MAIA Intelligence is a software product company in Business Intelligence (BI) MIS reporting and analysis space. MAIA Intelligence, a young and innovative company is committed to developing powerful yet affordable and scalable BI solutions, has emerged as a growing entity in the market place. MAIA Intelligences flagship offering 1KEY BI caters to strategic, tactical and operational users requirements across the organization with a self-serve BI tool for dynamic MIS, ad-hoc reporting and complex analysis. With its mission to democratize BI, MAIA has made BI available to masses. Commenced in the year 2006, MAIA Intelligence, has always strived to meet the needs of corporate implementations, application service providers and value-added resellers. MAIAs innovation has revolutionized the way BI can be deployed. With installation & database connectivity happening in 2 working days, organizations are ready to deploy BI from the 3rd day with instant dynamic reports. For further information on MAIA Intelligence and its offerings, visit www.maia-intelligence.com.

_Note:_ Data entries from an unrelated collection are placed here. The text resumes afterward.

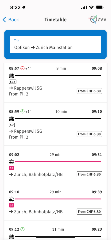 Above is what the app looks like while looking at your train times. At the top you enter where you are. We were at the stop called, “Opfikon” near our hotel and we wanted to go to “Zurich Mainstation” which is the main train hub in Zurich. Now right under that it says there are two trains coming that have similar ETA. The first one is train number S15 named “Rapperswil SG” it will be at your stop at 8:57 picking you up on platform 2 (Pl. 2). It is a 9 minute ride to Zurich Mainstation and will arrive there at 9:08. This ride will cost you CHF 6.80 (which is 6.80 in Swiss Francs).
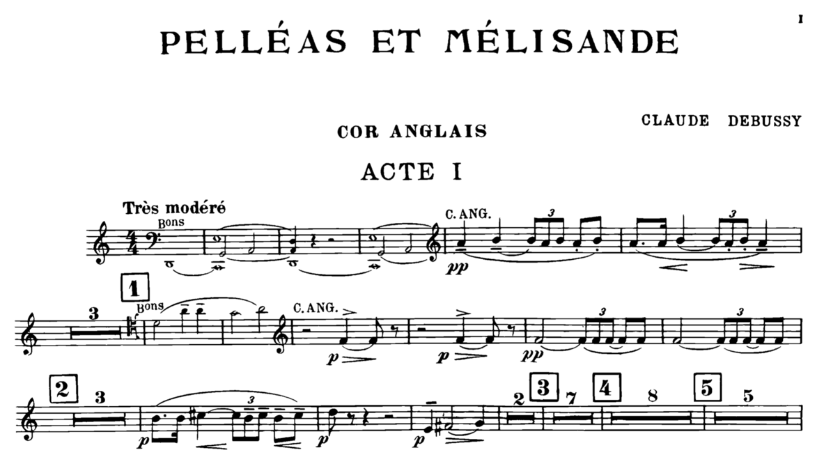 The English horn part of Debussy his only (finished) opera Pelléas et Mélisande (1902), composed on the libretto of the symbolist play (1893) from the Belgian playwright Maurice Maeterlinck. The way Debussy has written down these melodic and rhythmic lines, in a declamation style, inspired me for the musical notation of the transcription.
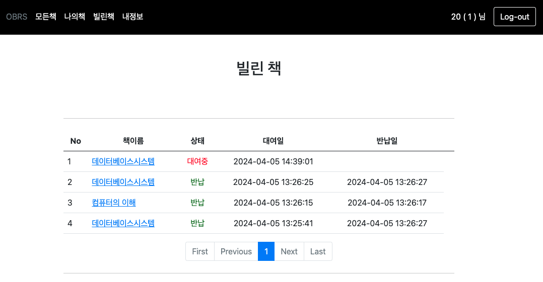 - 내가 빌린 혹은 빌렸던 책에 대한 목록을 조회할 수 있다.
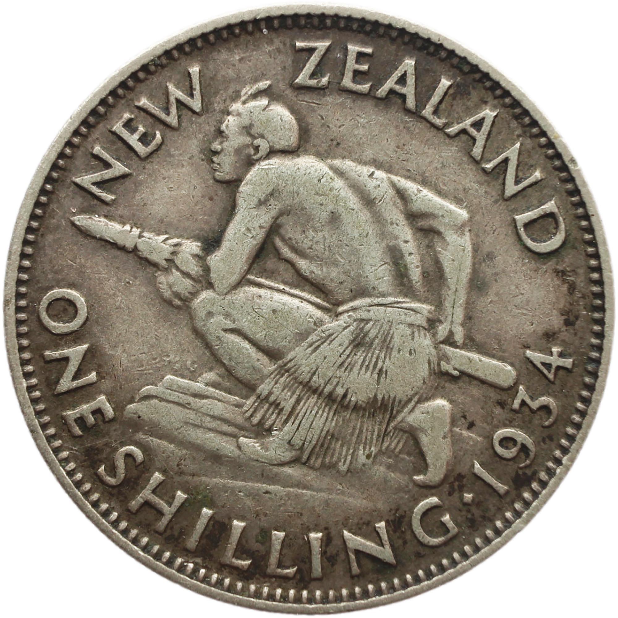 Reverse legend: NEW ZEALAND KG ONE SHILLING·1934
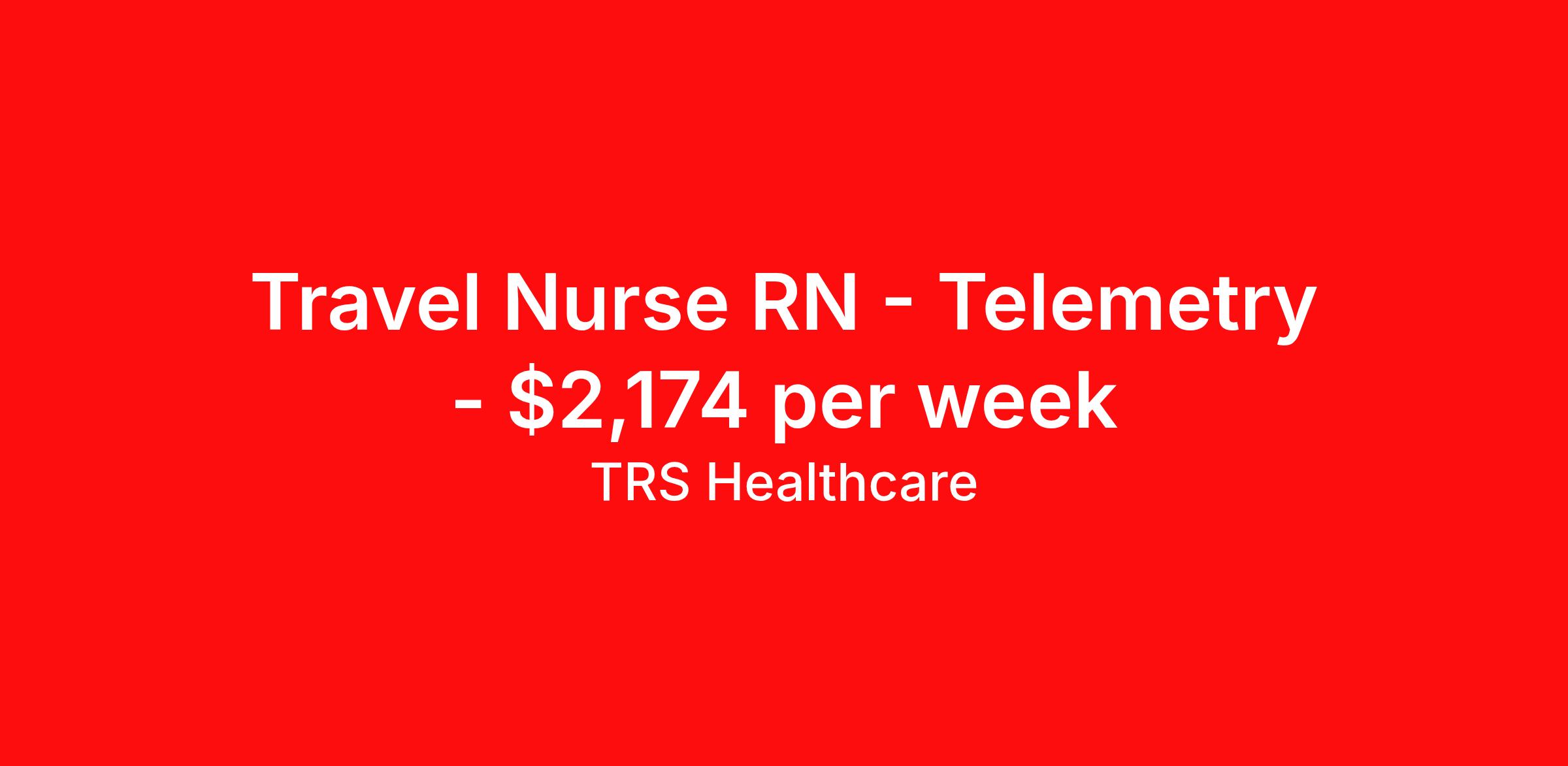 TRS Healthcare is seeking a travel nurse RN Telemetry for a travel nursing job in Belleville, Illinois. Job Description & Requirements Specialty: Telemetry Discipline: RN Start Date: 04/20/2026 Duration: 13 weeks 36 hours per week Shift: 12 hours, nights Employment Type: Travel TRS Healthcare Job ID 1447563. Pay package is based on 12 hour shifts and 36 hours per week (subject to confirmation) with tax-free stipend amount to be determined. Posted job title: Telemetry Unit Registered Nurse About TRS Healthcare TRS Healthcare has been a leader in the healthcare staffing industry for over 25 years, providing exceptional career opportunities for travel nurses and allied health professionals. An RN-founded, woman-owned company, TRS Healthcare has team members in all 50 states. We recruit and support registered nurses, licensed practical nurses, surgical technicians, respiratory therapists, imaging technologists, laboratory specialists, and other experienced nursing and allied healthcare professionals. We staff hundreds of healthcare facilities across the U.S. in urban, rural, and underserved areas, including multi-state hospital systems, critical access hospitals, rural community hospitals, long-term care facilities, trauma centers, standalone clinics, and more. Learn more about TRS Healthcare at trshealthcare.com .
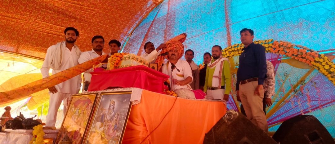 कल शाम को भगवद प्रेमी सुरहरा निवासी अध्यापक एवं युवा नेता नरेंद्र सिंह बघेल ने अपने परिवार और मित्रों के साथ श्री व्यास जी महाराज के सम्मान में 100 फुट की पगड़ी व्यास जी महाराज के सर पर बांधी इतनी लंबी पगड़ी देखकर व्यास महाराज सकते में पड़ गए वहां उपस्थित भक्त आश्चर्य से उस लंबी पगड़ी की ओर देखकर सभी ठाकुर जी महाराज की जय, श्री व्यास जी महाराज की जय, गौरी पुरी बाबा की जय बोलने लगे..
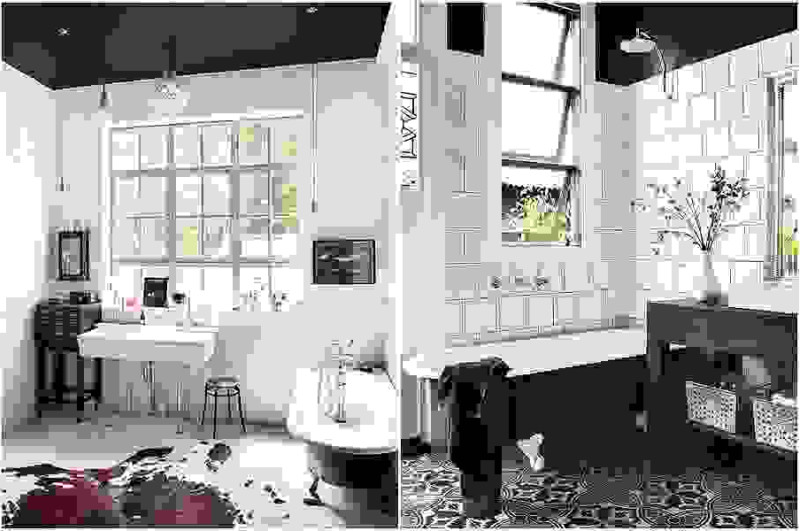 Яркие аксессуары сглаживают излишнюю строгость чёрного потолка
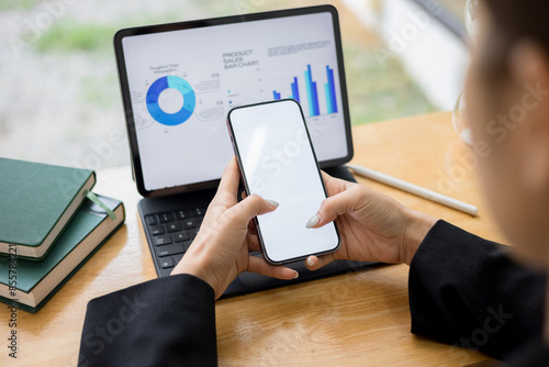 Businesswoman holding smart phone with blank copy space screen for your text message or your content
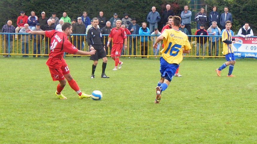V Banskej Bystrici lákalo hlavne atraktívne derby v Sásovej, kde domáci hostili Šalkovú a prvý polčas im vyšiel nad očakávanie. Už v piatej minúte sa ujal krížny center do šestnástky, loptu nezachytili dvaja hosťujúci obrancovia, dostala sa k Mariánovi Sanitrovi a ten ju už poslal do odkrytej bránky. V 22. minúte bolo 2:0. Zaváhanie v defenzíve Šalkovej využil Maroš Choma, zasekol si aj brankára a skóroval. Líder súťaže zostal zaskočený a do prestávky nedokázal odpovedať. Nešli mu hlavne štandardky i finálna fáza. Po zmene strán nakopol hostí rozhodca Kaliňák. Ten totiž ukázal po hodine hry na biely bod a penaltu premenil stabilne úspešný exekútor hostí Lukáš Palovič. Sásovčanov tento moment mierne rozhodil a inkasovali o osem minút aj druhý gól. Na 2:2 vyrovnal Tomáš Mikulec. Bol to však posledný presný zásah duelu, ktorý sa napokon skončil deľbou bodov (viac aj v našej fotogalérii).
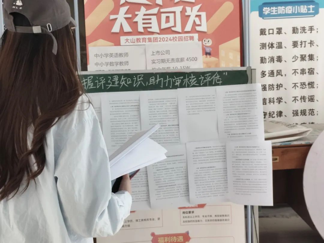 师生们纷纷驻足观看,认真学习审核评估相关知识要点。同时,现场还有相关学生进行讲解,他们对审核评估的基本概念、评估程序等内容进行深入阐释,并设置了互动答疑环节。
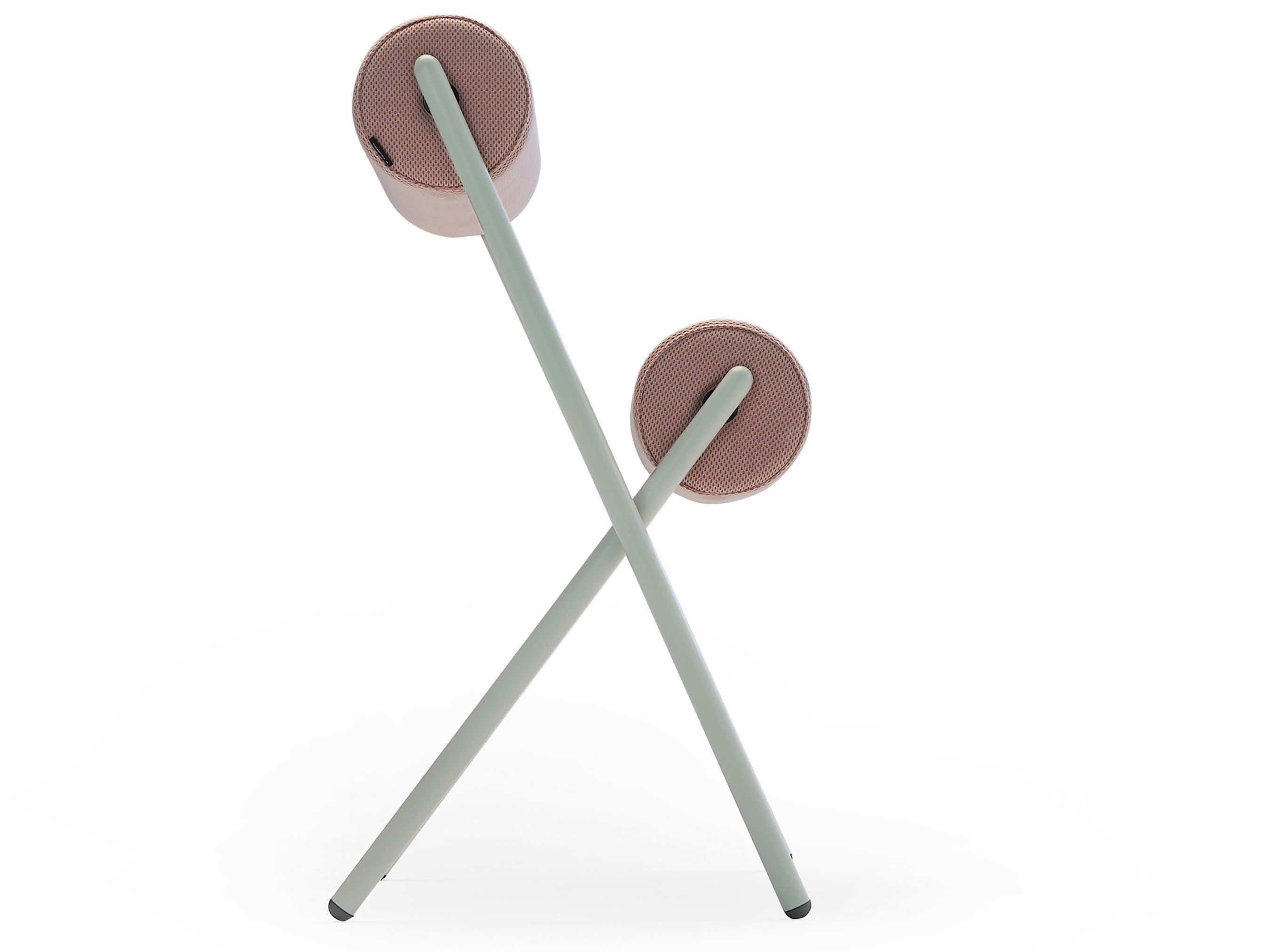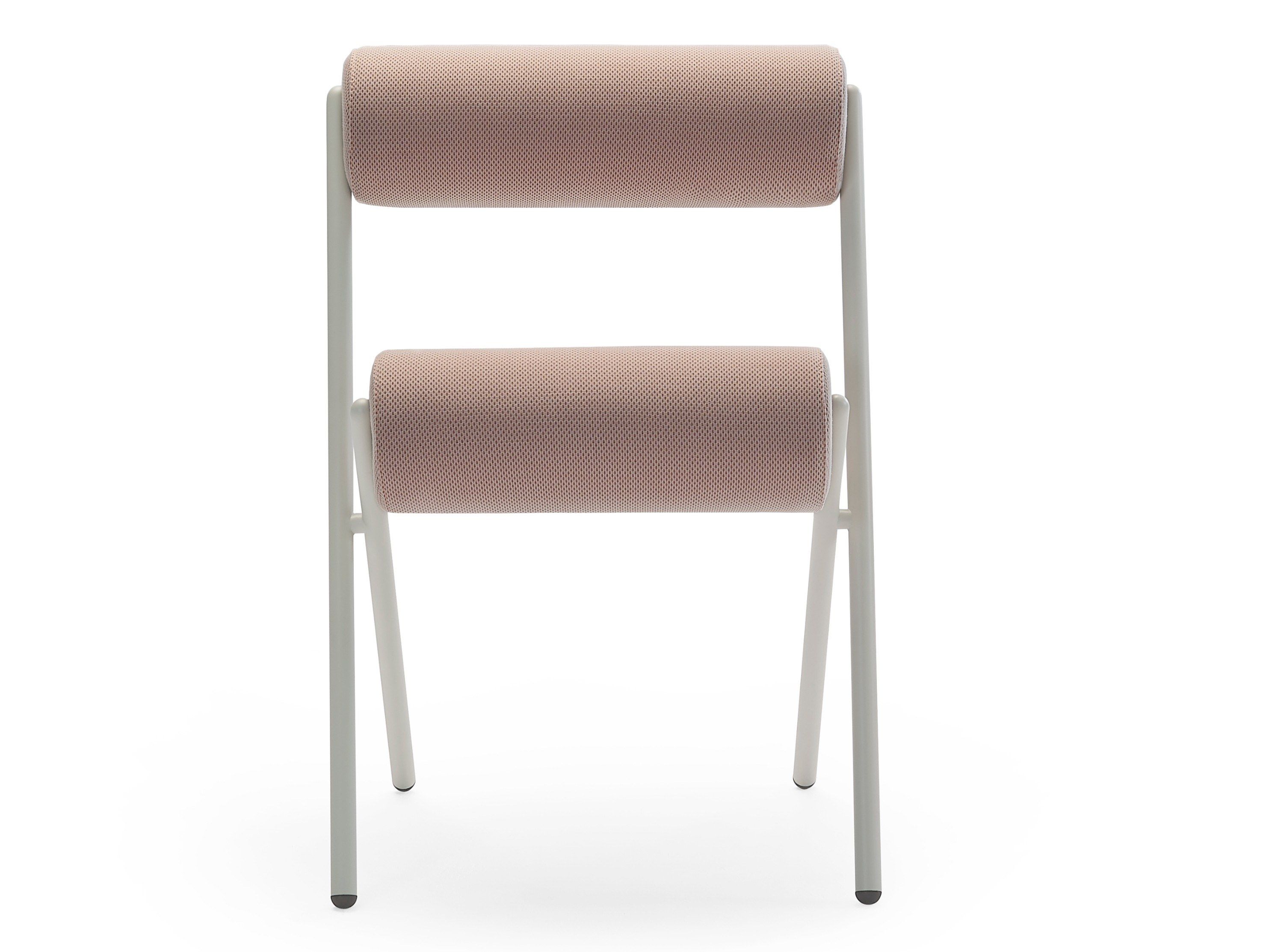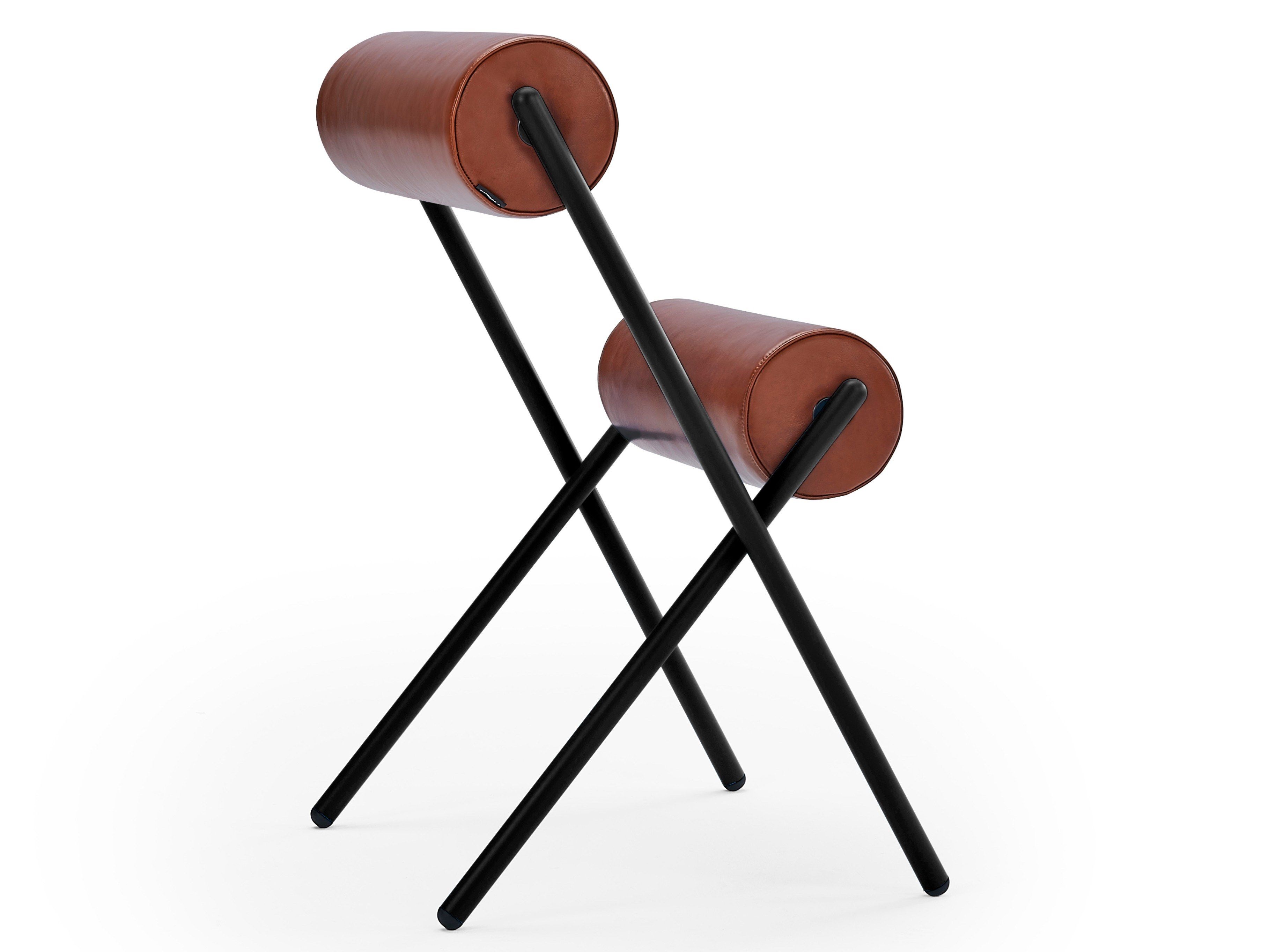 Evitando ornamenti e dettagli superflui, i creativi valenziani riducono la forma convenzionale di una sedia a due elementi puri: una struttura in acciaio e due cuscinetti cilindrici per schienale e sedile.
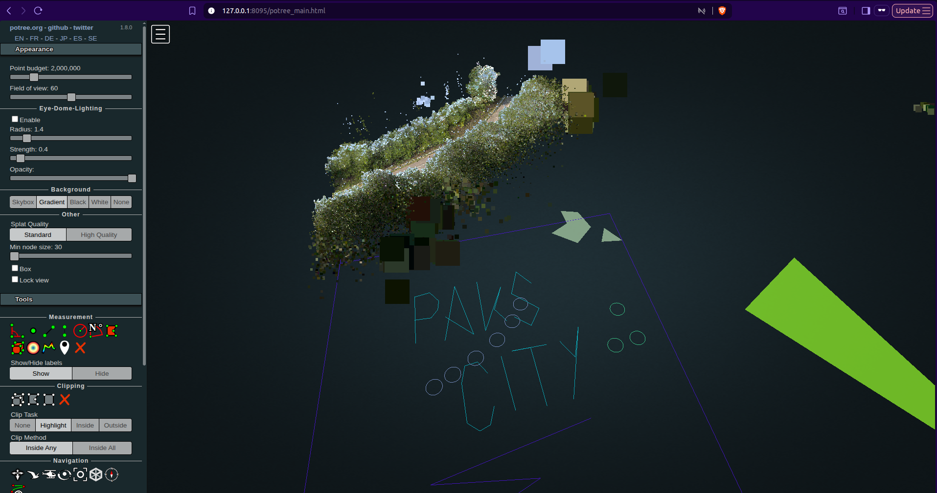 Test output pointcloud with openstreetmap data pulled with cesium, map elevated to 150 meters above sea level:
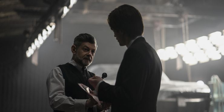 A diferencia de otras versiones del personaje, Alfred de Serkis se enorgullece de ayudar a Bruce con su trabajo de investigación. Pasa horas detrás de la computadora, investigando y buscando pistas. Es en parte gracias a él que se trata con uno de los mejores villanos de Batman, Riddler. Alfred también se desempeña como mayordomo de Bruce y como jefe de comunicaciones en Wayne Enterprises, pero nunca parece sobrecargado por las numerosas tareas. En consecuencia, nunca llega a divertirse.

1KEY Business Intelligence Software, helps companies take informed and better decisions at all levels. 1KEY BI is developed on Microsoft .NET Framework 3.5. It has been specifically designed to cater to high levels of simultaneous access to huge data reporting on various platforms of Windows and databases. 1KEY BI can accommodate thousands of users, connect multiple applications, integrate disparate data sources and deliver visually stunning, multi-formatted and flexible cross functional reports and analytics. The solution connects and communicates to all type of applications, irrespective of the database used at the backend. It helps the organizations to analyze and derive more meaningful and accurate information that will facilitate faster and, consequently profitable business decisions. 1KEY BI provides visual reporting and guided analysis for business users. 1KEY BI software product is geared toward business users with needs not met within their existing BI tools. It provides a very intuitive, interactive and highly visual interface that lets users see problems, both summary and details, in a very understandable way. 1KEY BI caters to any industry vertical including Manufacturing, Banking, Financial Services and Insurance (BFSI), Healthcare & Pharmaceutical, Services, Construction & Allied, Public Sector, Information Technology Enabled Services (ITES), Retail, Logistics, and Hospitality. The solution caters to the reporting and analysis demands of business users across the organization in all horizontals like Purchase & Procurement, Manufacturing & Distribution, Sales & Marketing, HR, and Finance & Accounts. 1KEY consists of wide range of components, with a variety of features to suit different business requirements.